++++ DATA EXTRACTS ++++
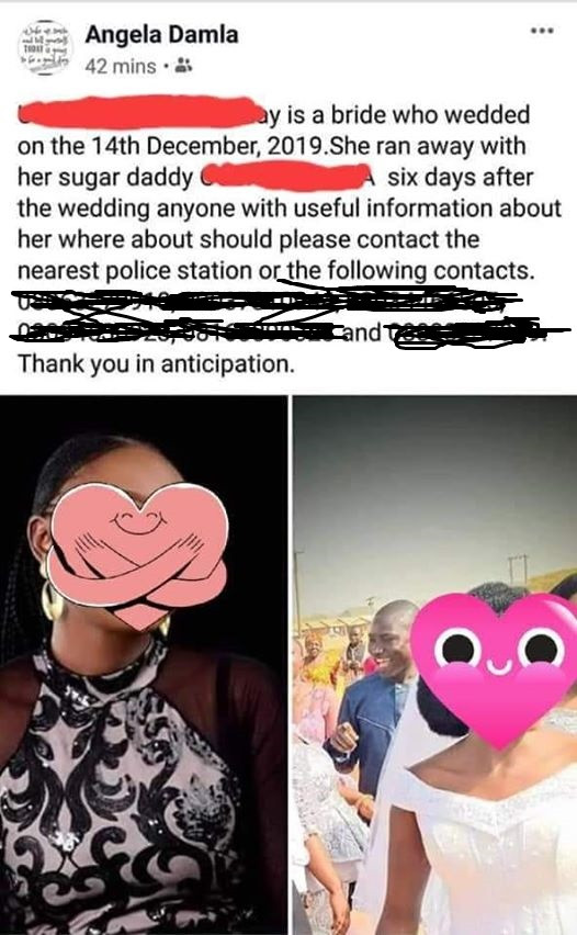 A bride allegedly left her new husband six days after their wedding and ran away with her boyfriend.
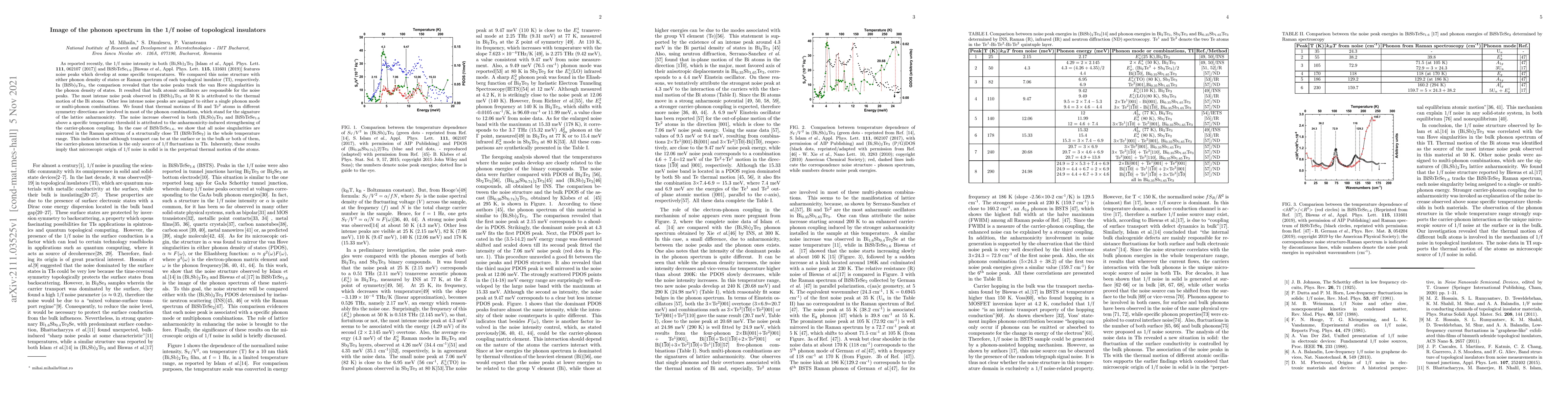 As reported recently, the 1/f noise intensity in both (Bi,Sb)2Te3 [Islam et al., Appl. Phys. Lett. 111, 062107 (2017)] and BiSbTeSe1.6 [Biswas et al., Appl. Phys. Lett. 115, 131601 (2019)] features noise peaks which develop at some specific temperatures. We compared this noise structure with either phonon density of states or Raman spectrum of each topological insulator (TI), respectively. In (BiSb)2Te3, the comparison revealed that the noise peaks track the van Hove singularities in the phonon density of states. It resulted that bulk atomic oscillators are responsible for the noise peaks. The most intense noise peak observed in (BiSb)2Te3 at 50 K is attributed to the thermal motion of the Bi atoms. Other less intense noise peaks are assigned to either a single phonon mode or multi-phonon combinations. We found that thermal motions of Bi and Te2 atoms in different symmetry directions are involved in most of the phonon combinations, which stand for the signature of the lattice anharmonicity. The noise increase observed in both (Bi,Sb)2Te3 and BiSbTeSe1.6 above a specific temperature threshold is attributed to the anharmonicity-induced strengthening of the carrier-phonon coupling. In the case of BiSbTeSe1.6, we show that all noise singularities are mirrored in the Raman spectrum of a structurally close TI (BiSbTeSe2) in the whole temperature range. This indicates that although transport can be at the surface or in the bulk or both of them, the carrier-phonon interaction is the only source of 1/f fluctuations in TIs. Inherently, these results imply that microscopic origin of 1/f noise in solid is in the perpetual thermal motion of the atoms.
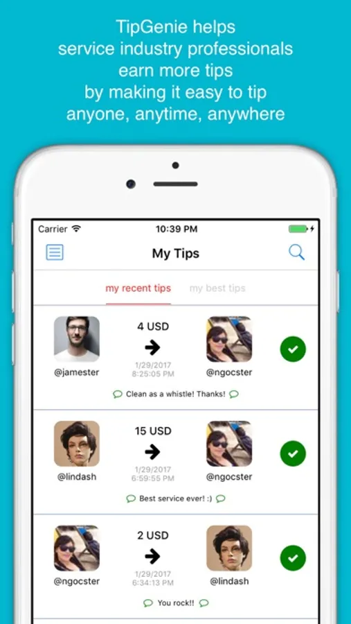 TipGenie is a mobile payment app that helps service industry professionals earn more tips and gratuity by making it easy to tip anyone, anywhere, anytime without cash.
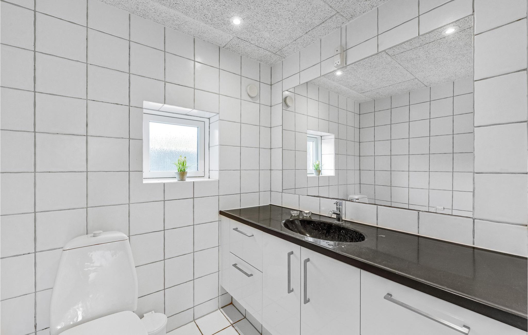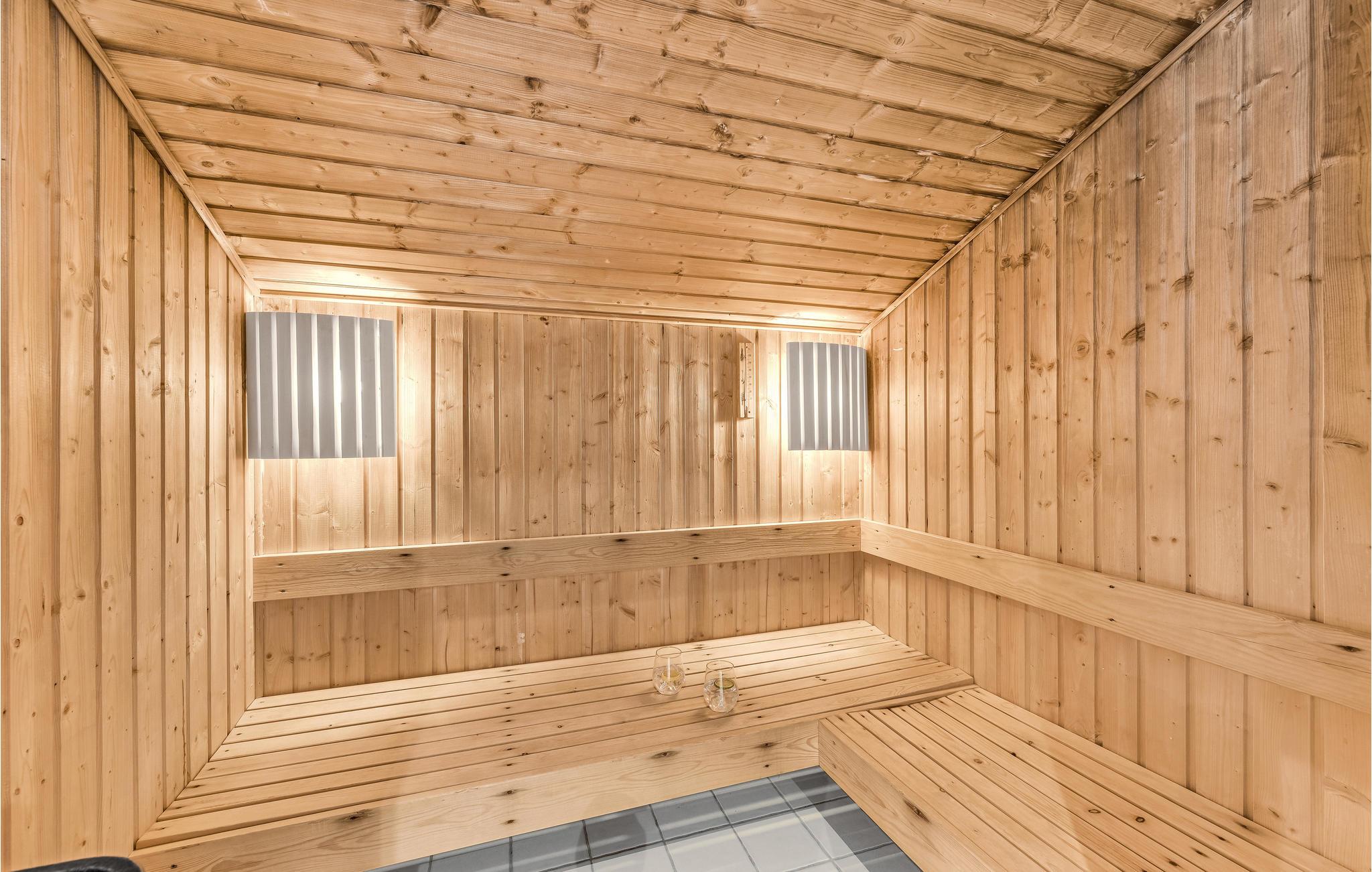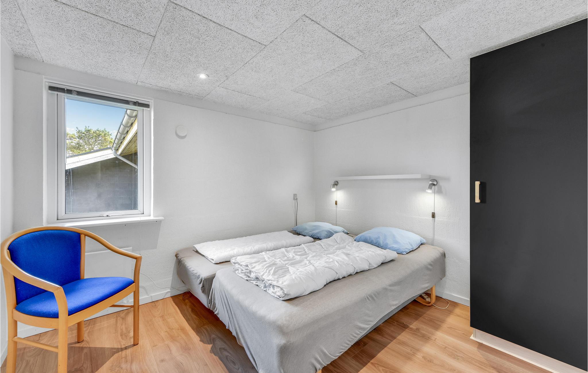 Dette sommerhus med swimmingpool og sauna danner gode rammer for årets familieferie eller en aktiv ferie med vennerne. Huset har 7 soveværelser alle med 2 sovepladser, så her er plads til i alt 14 gæster. Alle soveværelser ligger i den ene ende af huset sammen med et badeværelse med bruser. Stuen og køkkenet ligger i åben forbindelse, og fra stuen er der adgang til swimmingpoolafdelingen, hvor der findes ydeligere et badeværelse med bruser samt et gæstetoilet. Fra badeværelset er der adgang til saunaen.
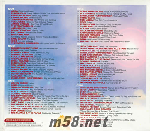 CD1 1.Dancing Queen - Abba / 舞后 – 阿巴合唱團 2.Sorry Seems To Be The Hardest Word – Elton John / 抱歉成為最難啟齒的話語 – 艾爾頓強 3.The Lady In Red - Chris De Burge / 紅衣女郎 - 克里斯迪博 4.Endless Love - Lionel Richie / 無盡的愛 - 萊諾李奇 5.Up Where We Belong - Jennifer Warnes / 飛向我們的歸屬 - 珍妮佛華恩斯 6.I'll Never Fall In Love Again - Tom Jones /我永遠不會再次陷入情網 - 湯姆瓊斯 7.I Got You - James Brown / 我擁有你 - 詹姆士布朗 8.My Girl - The Temptations / 我的女孩 - 誘惑合唱團 9.I'll Be There - Jackson 5 / 我會在你身邊 - Jackson 5 10.Puppy Love - Donny Osmond / 純純的愛 - 唐尼奧斯蒙 11.Tennessee Waltz - Patti Page / 田納西華爾滋 - 佩蒂佩吉 12.Itsy Bitsy Teenie Weenie Yellow Polka Dot Bikini - Brian Hyland / 超迷你黃點比基尼 - 布萊恩海蘭德 13.The End – Earl Grant / 盡頭 – 厄爾葛蘭特 14.I'm Not In Love – 10cc / 我沒有墜入愛河 – 10cc 15.All I Have To Do Is Dream – The Everly Brothers / 只有夢里尋 - 艾佛利兄弟 CD2 1.Unchained Melody - Righteous Brothers / 自由的旋律 - 正義兄弟 2.How Can I Tell Her - Lobo / 我要如何告訴她 - 灰狼羅柏 3.Three Times A Lady - Commodores / 三生三世的戀人 - 海軍準將合唱團 4.Call Me - Dennis De Young / 打給我 - 丹尼斯狄楊 5.Cherish - Kool & The Gang / 珍惜 - 庫爾伙伴合唱團 6.Smoke Gets In Your Eyes - The Platters / 煙霧迷濛了妳的眼 - 五黑寶合唱團 7.Sealed With A Kiss - Brian Hyland / 以吻風箋 - 布萊恩海蘭德 8.Goodbye Yellow Brick Road - Elton John / 再見了黃磚路 - 艾爾頓強 9.Green Green Grass Of Home - Tom Jones / 碧草如茵的家園 - 湯姆瓊斯 10.What’s Going On - Marvin Gaye / 怎么一回事 - 馬文蓋 11.All Night Long - Lionel Richie / 狂歡一整晚 - 萊諾李奇 12.Bridge Over Troubled Water - Nana Mouskouri / 惡水上的大橋 - 娜娜 13.The Twelfth Of Never - Donny Osmond / 天長地久 - 唐尼奧斯蒙 14.I Miss You - Klymaxx / 我想念你 - 克萊麥斯合唱團 15.My World - Engelbert Humperdinck / 這個世界 - 英格伯漢普汀克 CD3 1.Hello - Lionel Richie / 哈羅 - 萊諾李奇 2.Have A Dream – Abba / 世人有夢 - 阿巴合唱團 3.Only Love - Nana Mouskouri / 唯一的愛 - 娜娜 4.Only You - The Platters / 只有你 - 五黑寶合唱團 5.Maggie May - Rod Stewart / 瑪姬 - 洛史都華 6.Stupid Cupid - Connie Francis / 呆呆邱比特 - 康妮法蘭西絲 7.I'd Like To Teach The World To Sing - The New Seekers / 大伙一起唱支歌 - 夢想家合唱團 8.I Only Want To Be With You - Dusty Springfield / 我只想你在身邊 - 達斯汀史普林菲爾德 9.Jambalaya - Hank Williams / 河上的什錦飯 - 漢克威廉斯 10.Doggie In The Window - Patti Page / 櫥窗內的狗 - 佩蒂佩吉 11.Let's Live For Today – The Grass Roots / 活在當下 - 草根合唱團 12.Shake, Rattle And Roll - Bill Haley & His Comets / 搖阿碰阿轉阿 - 比爾哈雷與彗星樂隊 13.Money - Barrett Strong/ 我要的只是錢 - 巴瑞特史特隆 14.Delilah - Tom Jones / 迪來拉 - 湯姆瓊斯 15.California Dreamin’ - The Mamas & The Papas / 加州夢 - 媽媽與爸爸合唱團 CD4 1.What A Wonderful World - Louis Armstrong / 美麗世界 - 路易斯阿姆斯壯 2.Raindrops Keep Falling On My Head - B.J. Thomas / 雨點滴落我頭上 - 比杰湯瑪斯 3.The Last Waltz - Engelbert Humperdinck / 最后華爾滋 - 英格伯漢普汀克 4.Crazy - Patsy Cline / 為愛瘋狂 - 佩西克萊恩 5.The Girl From IpanemaTom Jobim / 伊帕內瑪姑娘 - 湯姆裘賓 6.Babe - Styx / 寶貝 - 冥河合唱團 7.Sad Songs - Elton John / 悲傷的歌 - 艾爾頓強 8.I’ve Never Been To Me - Charlene / 從不屬於我自己 - 夏琳 9.Baby Come Back - Player / 回到我身邊 - 玩家合唱團 10.Stand By Me - Walker Brothers / 常伴左右 - 沃克兄弟 11.Rain And Tears - Aphrodite's Child / 雨和淚 - 愛神之子 12.Lipsitck On Your Collar - Connie Francis / 衣領上的口紅印 - 康妮法蘭西絲 13.King Of The Road - Roger Miller / 公路之王 - 羅杰米勒 14.All Kinds Of Everything - Dana / 所有的所有 - 唐娜 15.You Make Me Feel Brand New - The Stylistics / 是你使我清新 - 學體合唱團 CD5 1.Over The Rainbow - Judy Garland / 彩虹之上 - 茱蒂嘉蘭 2.Moon River - Louis Armstrong And His All Stars / 月河 - 路易斯阿姆斯壯群星會 3.The End Of The World - Brenda Lee / 世界末日 - 布蘭達李 4.Too Beautiful To Last - Engelbert Humperdinck / 留不住的美好 - 英格柏漢普汀克 5.I'll Never Fall In Love Again - Burt Bacharach / 愛情止步 - 伯特巴卡洛克 6.The Great Pretender - The Platters / 偽裝達人 - 五黑寶合唱團 7.Dream A Little Dream Of Me - The Mamas & The Papas / 多夢我一些 - 媽媽與爸爸合唱團 8.Frankie - Connie Francis / 法蘭奇 - 康妮法蘭西絲 9.Love Is All Around - The Troggs / 愛無所不在 - 穴居人合唱團 10.It’s So Easy - Buddy Holly / 愛,如此容易 - 巴弟哈利 11.Guantanamera - The Sandpipers / 關達拉美拉 - 知更鳥樂團 12.A Groovy Kind Of Love - The Mindbenders / 愛最珍貴 - 心靈殺手合唱團 13.Please Mr. Postman - The Marvelettes / 郵差先生請等等 - 奇蹟合唱團 14.My Special Angel - Bobby Helms / 專屬天使 - 巴比賀爾姆斯 15.The Single Girl - Sandy Posey / 單身女子 - 莎迪波斯 16.Tammy - Debbie Reynolds / 黛咪 - 黛比雷諾 17.Tweedle-Dee Tweedle-Dum – Georgia Gibbs / 叮叮噹噹 - 喬琪亞吉布斯 18.As Tears Go By - Marianne Faithfull / 熱淚盈眶 - 瑪莉安菲絲佛 CD6 1.You've Lost That Lovin' Feelin - Righteous Brothers / 相愛的感覺 - 正義兄弟合唱團 2.Philadelphia Freedom - Elton John / 自由費城 - 艾爾頓強 3.I Found Someone - Cher / 遇見另一個人 - 雪兒 4.Easy - Commodores / 輕鬆 - 海軍準將合唱團 5.You Don't Have To Say You Love Me - Dusty Springfield / 不必說愛我 - 達斯汀史
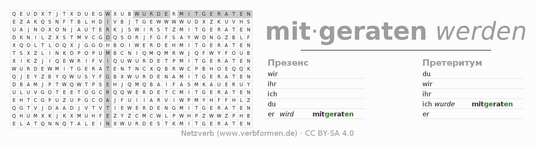 Инструкция: образовать формы глагола mitraten и найти их в головоломке, либо распознать изменённую форму mitraten в буквенном винегрете и соотнести ее с правильной формой глагола. Умлауты и -ß- транслитерируются соответственно как -oe-, -ae-, -ue- и -ss-.Ответ находится в конце страницы.
++++
- TO DO -
Using the data above, retype exactly the lines from the line with "TipGenie is a" to the line with "Dette sommerhus med", inclusive. No pictures and nothing else.

- OUTPUT FOR THIS EXERCISE -
 TipGenie is a mobile payment app that helps service industry professionals earn more tips and gratuity by making it easy to tip anyone, anywhere, anytime without cash.
 Dette sommerhus med swimmingpool og sauna danner gode rammer for årets familieferie eller en aktiv ferie med vennerne. Huset har 7 soveværelser alle med 2 sovepladser, så her er plads til i alt 14 gæster. Alle soveværelser ligger i den ene ende af huset sammen med et badeværelse med bruser. Stuen og køkkenet ligger i åben forbindelse, og fra stuen er der adgang til swimmingpoolafdelingen, hvor der findes ydeligere et badeværelse med bruser samt et gæstetoilet. Fra badeværelset er der adgang til saunaen.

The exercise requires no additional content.